*Listed records*:

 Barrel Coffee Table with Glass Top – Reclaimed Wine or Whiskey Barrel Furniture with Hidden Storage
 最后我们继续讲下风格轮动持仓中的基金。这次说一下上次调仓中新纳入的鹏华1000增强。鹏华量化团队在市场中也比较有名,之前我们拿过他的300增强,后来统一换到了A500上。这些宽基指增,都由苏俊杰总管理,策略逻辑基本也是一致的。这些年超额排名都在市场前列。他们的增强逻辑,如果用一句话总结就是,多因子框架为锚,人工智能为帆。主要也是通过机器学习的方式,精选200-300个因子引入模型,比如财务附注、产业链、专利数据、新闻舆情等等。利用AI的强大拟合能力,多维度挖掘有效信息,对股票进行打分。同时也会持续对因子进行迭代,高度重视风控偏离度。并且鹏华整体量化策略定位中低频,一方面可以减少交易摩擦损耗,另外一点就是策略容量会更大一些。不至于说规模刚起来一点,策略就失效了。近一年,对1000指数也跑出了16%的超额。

==

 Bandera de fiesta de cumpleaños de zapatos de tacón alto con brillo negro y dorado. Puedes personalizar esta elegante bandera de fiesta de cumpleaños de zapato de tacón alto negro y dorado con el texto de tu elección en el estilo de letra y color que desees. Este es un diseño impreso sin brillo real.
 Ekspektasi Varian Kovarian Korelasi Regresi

*What is expected*: Here the output must be the lines above from the line with "Bandera de fiesta de cumpleaños de zapatos" to the line with "Ekspektasi Varian Kovarian Korelasi Regresi", both included, duplicated word for word and nothing else.

*Expected answer*:
 Bandera de fiesta de cumpleaños de zapatos de tacón alto con brillo negro y dorado. Puedes personalizar esta elegante bandera de fiesta de cumpleaños de zapato de tacón alto negro y dorado con el texto de tu elección en el estilo de letra y color que desees. Este es un diseño impreso sin brillo real.
 Ekspektasi Varian Kovarian Korelasi Regresi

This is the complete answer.